Celles et ceux qui veulent emporter un morceau de leurs émotions vécues lors d’une représentation ont aujourd’hui tendance à le faire avec une caméra plutôt qu’un magnétophone. Pourquoi ? Tout simplement parce qu’ils suivent l’évolution du marché qui commercialise des couteaux suisses audiovisuels que l’on appelle des smartphones. Et ces smartphones rendent simple la captation vidéo. Peu importe que leur petit écran gêne leurs voisins ! Lorsque je prends des photos pendant un concert pour illustrer les articles de mon blog, je m’arrange toujours pour cadrer l’œil rivé au viseur afin ennuyer le moins possible celles et ceux qui m’entourent et qui regardent plus qu’ils n’écoutent. De tous temps les outils ont ainsi forgé de nouveaux usages. Si ceux qui nous étouffent nous dérangent, alors inventons de nouveaux outils qui soient en accord avec nos aspirations !
Les outils, qu’ils soient d’exécution ou d’enregistrement ont toujours eu un impact considérable sur la création artistique. Ainsi en peinture l’invention de la peinture en tube permit aux impressionnistes de peindre sur nature.
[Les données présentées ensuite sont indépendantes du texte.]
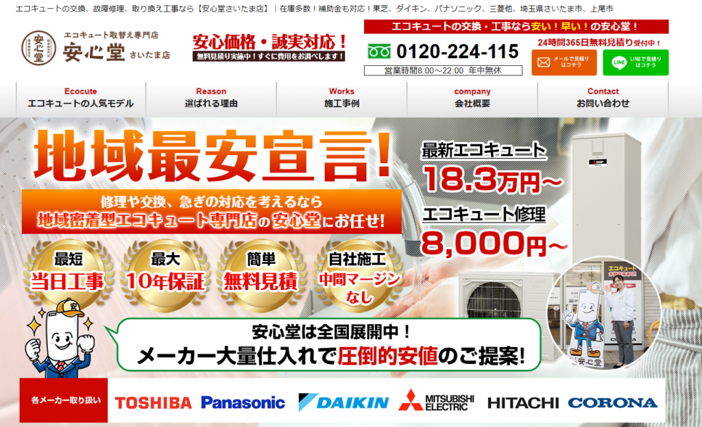 | 運営会社 | エコキュート取替え専門店 安心堂さいたま店 埼玉県さいたま市見沼区 深作2丁目24−25 |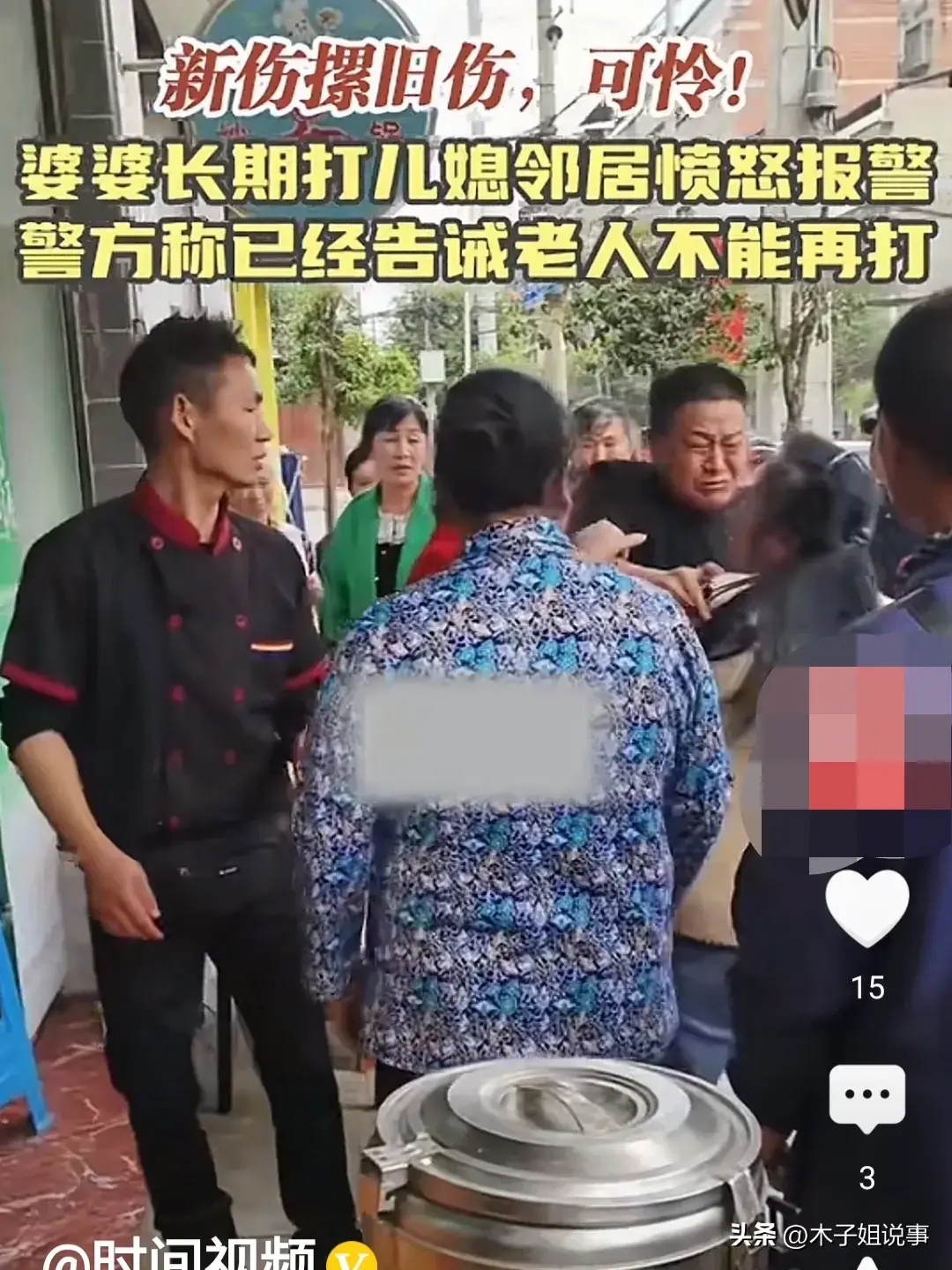 路人为儿媳妇抱不平,直接报了警。当地警方赶到,对婆婆进行了告诫,不要再打儿媳妇。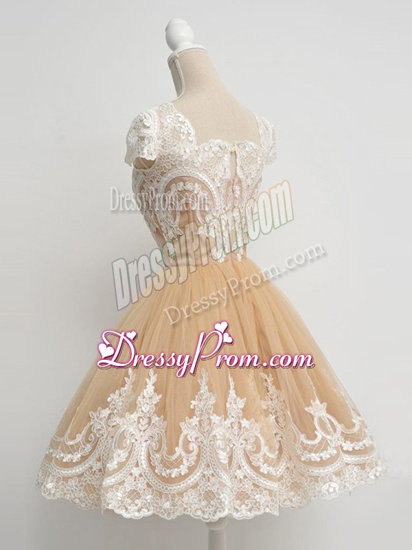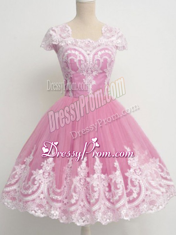 Neckline : SquareShown Color : Rose Pink Silhouette : A-lineSleeve Length : cap sleevesHemline : knee lengthBack Detail : ZipperFabric : TulleEmbellishment : LaceOccasion : Prom,Party,Wedding PartySeason : Spring,Summer,Fall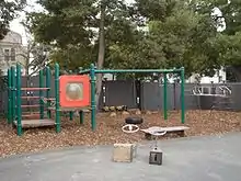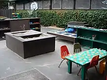 The Jones CSC preschool has an outdoor play area that is accessible virtually all day long via sliding doors and partially protected by an overhead canopy. Catherine Landreth, a former director of the school and designer of the building, worked with Joseph Esherick to create a space where the development of children would be highlighted. This included the careful planning of ceiling heights and placement of activity centers. In most other preschools, the ceilings tend to be low which emphasizes the height of adults in relation to children. Esherick and Landreth believed that a higher ceiling would shift the observers' focus from the height differential of the people occupying the space to the activities taking place. The activity centers were constructed to keep the children engaged by placing items at the child's eye level.[5] Landreth wanted a place that did not impose learning but encouraged them to engage in activities that interests the child.[6] According to a study on the physical environment for a child's development, crowding might be linked to psychological distress among children.[7] The guiding philosophy behind the preschool is that a child's environment can positively affect development.[8]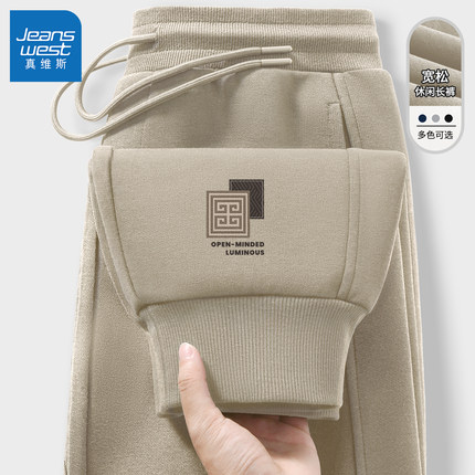 真维斯卡其色加绒裤子男裤2026新款束脚卫裤男款休闲运动裤男士Z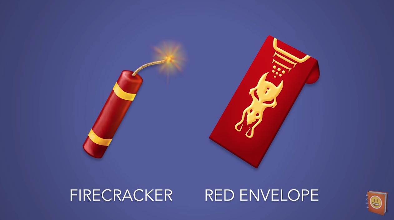 剩下的 emoji 则基本是各式各样的杂物,有板砖、肥皂、扫帚、灭火器,还有中国的算盘,以及十分应节的红包和炮竹。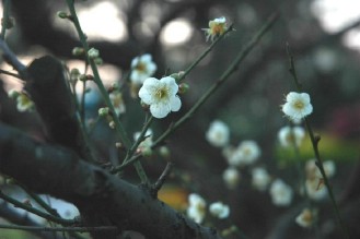 梅花和李花、梨花等薔薇科落植物相同,冬日葉片會先落盡,等待隆冬寒風吹送以后,便以一樹的白花搶先綻放,將逢春開花的群花全給比了下去。中正紀念堂內搶先開的梅花,和士林官邸、陽明山和四獸山一樣,都是用來食用的果梅花。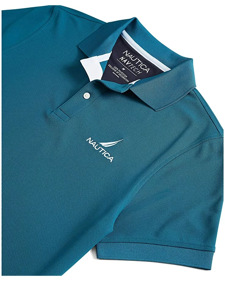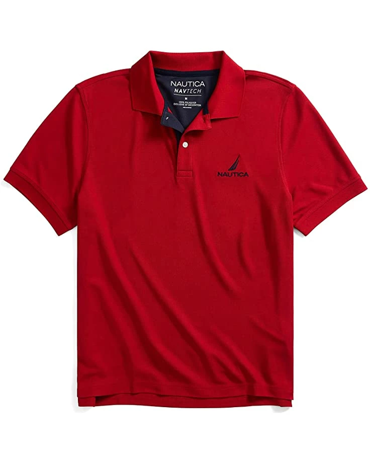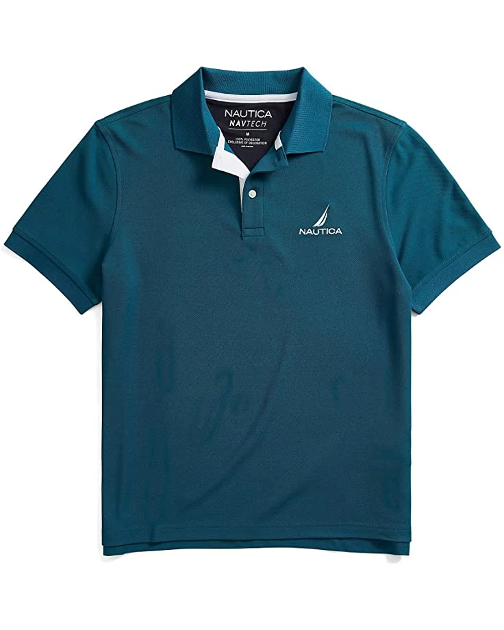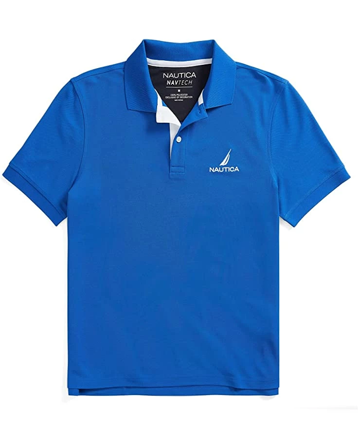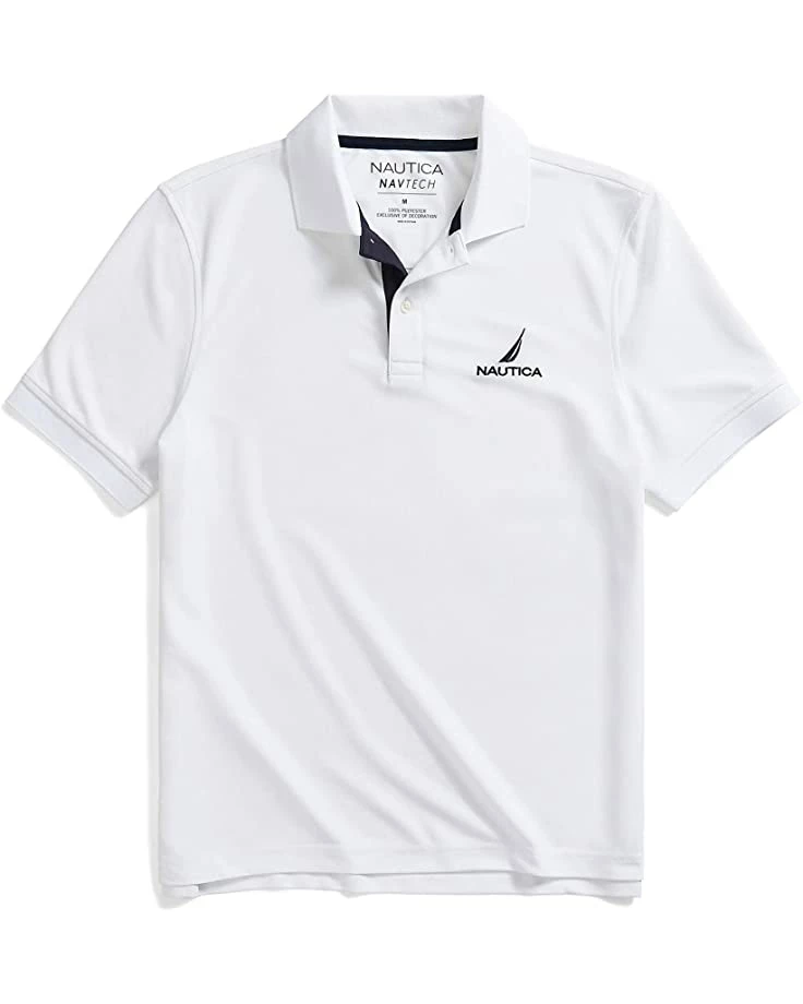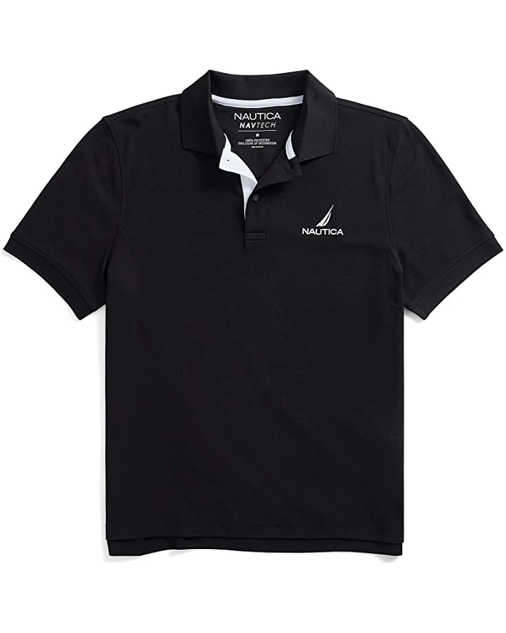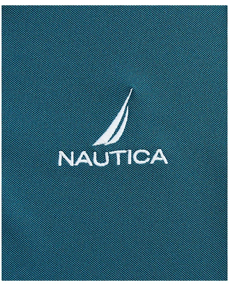 - Nautica and J-class logo at chest; stain releasing fabric properties; striped collar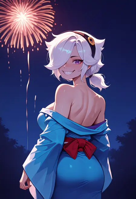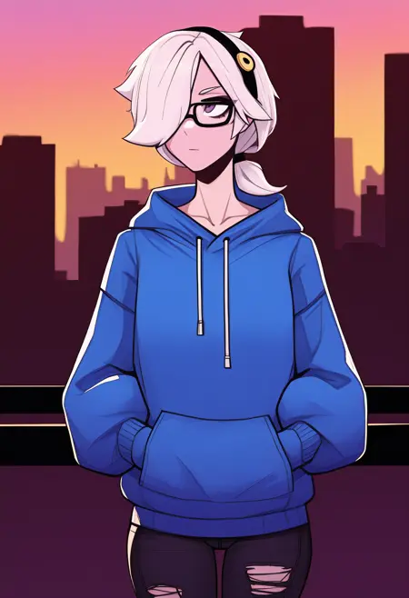 デフォルトの服装: clttdef, 尖った歯、白い髪、片目に髪をかけた、低いポニーテール、黒いヘアバンド、赤いベスト、青いシャツ、襟付きシャツ、長袖、袖ガーター、紫のズボン

Cézanne mit le tube dans sa poche et partit se promener dans la campagne. C’est toute l’Histoire de la peinture qui en fut chamboulée. De même l’invention du paléophone par Charles Cros, du phonographe par Edison et du gramophone par Emile Berliner permirent à la musique de voyager sans avoir besoin du papier de la partition. La reproduction mécanique eut ses beaux jours. On pouvait faire de la musique plutôt que l’écrire. Ce n’était plus un passage obligé. Les autres civilisations s’en étaient accommodées depuis belles lurettes. Les improvisateurs occidentaux purent ainsi laisser des traces de leur travail. Celui des ethnomusicologues est intimement lié à l’enregistrement. Au MEG, le Musée Ethnographique de Genève, les Archives Internationales des Musiques Populaires ont un fond de plus de 20 000 phonogrammes depuis le rouleau jusqu’aux fichiers numériques.
Avec la révolution du numérique, il n’y a plus de limites à la quantité. On peut enregistrer du son ou des images sans que cela coûte une fortune. Alors pourquoi s’en priver ? C’est quasi forfaitaire.
Dans la seconde partie du XXe siècle le disque était la preuve d’un professionnalisme. Il fallait en avoir un de produit pour espérer être programmé où que ce soit. Lorsqu’il devient accessible au plus grand nombre, cela ne suffit plus. Aujourd'hui il faut avoir son site Internet, des vidéos, des affiches. Tout EPK, l’Electronic Press Kit, se doit d’être illustré de tout cet attirail d’images. À quoi cela sert-il ? À se faire une idée sans avoir à écouter véritablement, on survole ainsi, c’est l’arbre qui cache la forêt. On n’écoute plus. Cela fait longtemps que "les professionnels de la profession" n’écoutent plus rien, répétant inlassablement les formules toutes faites, les formules clefs en main de leurs collègues. Presque tous les festivals programment les mêmes artistes, et d’année en année on se retrouve entre soi comme les copains de promotion, ou les copains de régiment d’antan. Des découvertes, peu s’y risquent. Cela prend du temps. Or c’est justement de gagner le temps dont il est hélas question ici. On joue là à qui perd gagne, et qui gagne du temps au lieu de le perdre à jouir y perd l’essence-même de ce qui fait un être humain, la nécessité de penser par soi-même.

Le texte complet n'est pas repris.